A frequent speaker, Rachel often writes articles on developing issues in labor and employment law for client-focused publications, legal industry news outlets, and the firm’s employment law blog

Rachel is a member of the Labor and Employment Law Sections of the American Bar Association and the Federal Bar Association. She is also a member of the Orange County Bar Association, having served as Chair of the Labor and Employment Law Committee. Rachel is active in the Litigation and Employment Law Group of Meritas, a global alliance of independent law firms. 
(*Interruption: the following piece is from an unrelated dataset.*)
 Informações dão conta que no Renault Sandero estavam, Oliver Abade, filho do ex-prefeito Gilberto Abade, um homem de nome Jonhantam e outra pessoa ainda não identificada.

She also serves as Executive Vice President of Congregation Ohev Shalom and Vice President, Legal of TOP Jewish Foundation. 

Morey

A Florida Supreme Court Certified Circuit Civil Mediator, Morey Raiskin works in the firm’s Labor & Employment Group.
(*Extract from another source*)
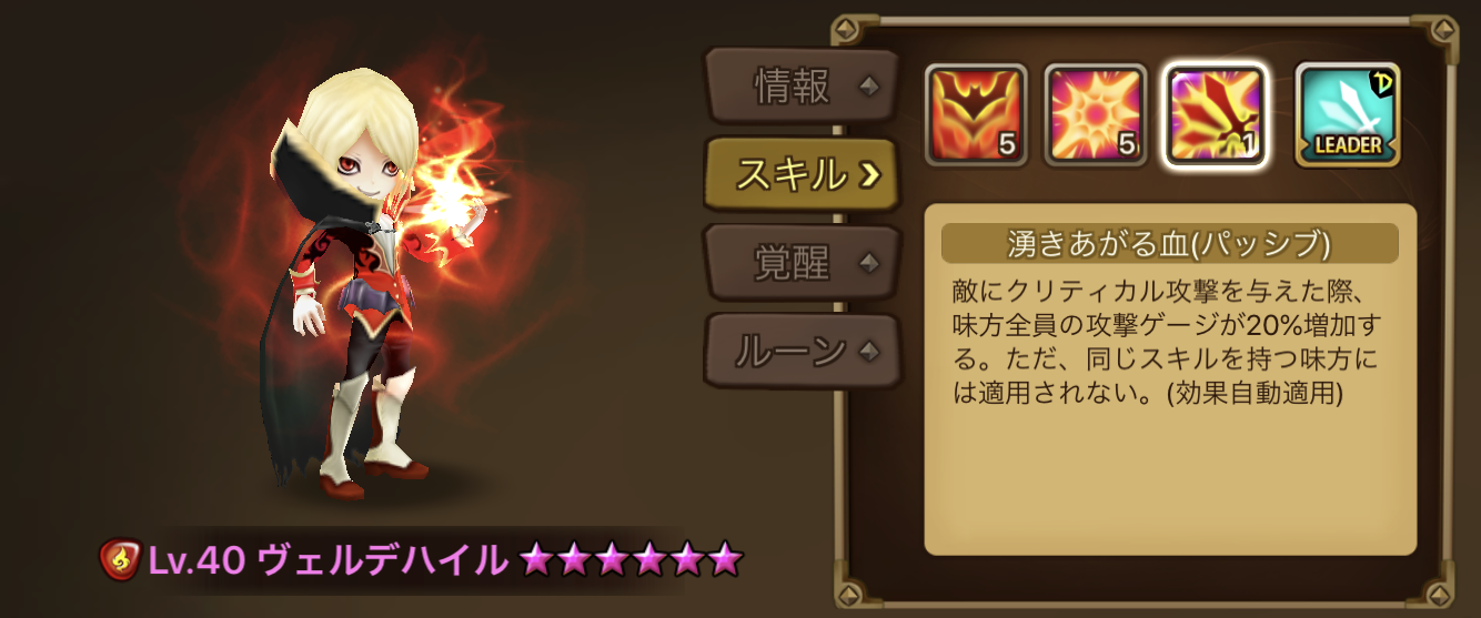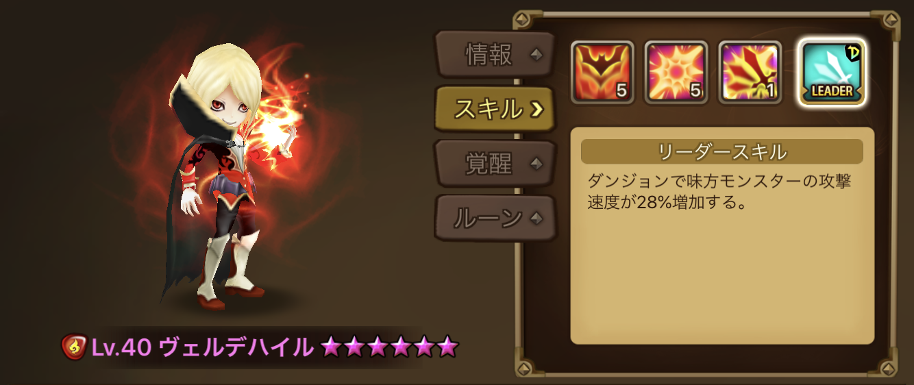 ○ヴェルデハイル(火ヴァンパイア)のリーダースキルとパッシブスキルで回転率を良くする。

Over the past 38 years, Morey has represented management of both large and small employers. He has successfully litigated cases in state and federal courts and represented clients in administrative proceedings involving the EEOC, DOL and FCHR. Morey also serves as an advisor to his clients, counseling them on virtually any workplace issue they may confront.

Morey develops non-compete and employment agreements, personnel policies, employment application forms, employee handbooks, and counsels clients on wage and hour, discrimination, WARN Act planning and union avoidance strategies. He litigates these same issues in state and federal courts or in administrative proceedings before the EEOC, U.S. Department of Labor or the Florida Commission on Human Relations.

Morey began practicing law in Las Vegas, Nevada, before moving to Orlando in 1984. In 1986, he accepted an in-house opportunity with a diversified publisher, Harcourt Brace Jovanovich, eventually becoming Lead Labor and Employment Counsel and Administrative Vice President of its wholly-owned subsidiary, Sea World. In 1990, Morey returned to private practice and has served in a myriad of roles, including as a shareholder and chair of the Labor and Employment Law Group at Lowndes from 1990—2012.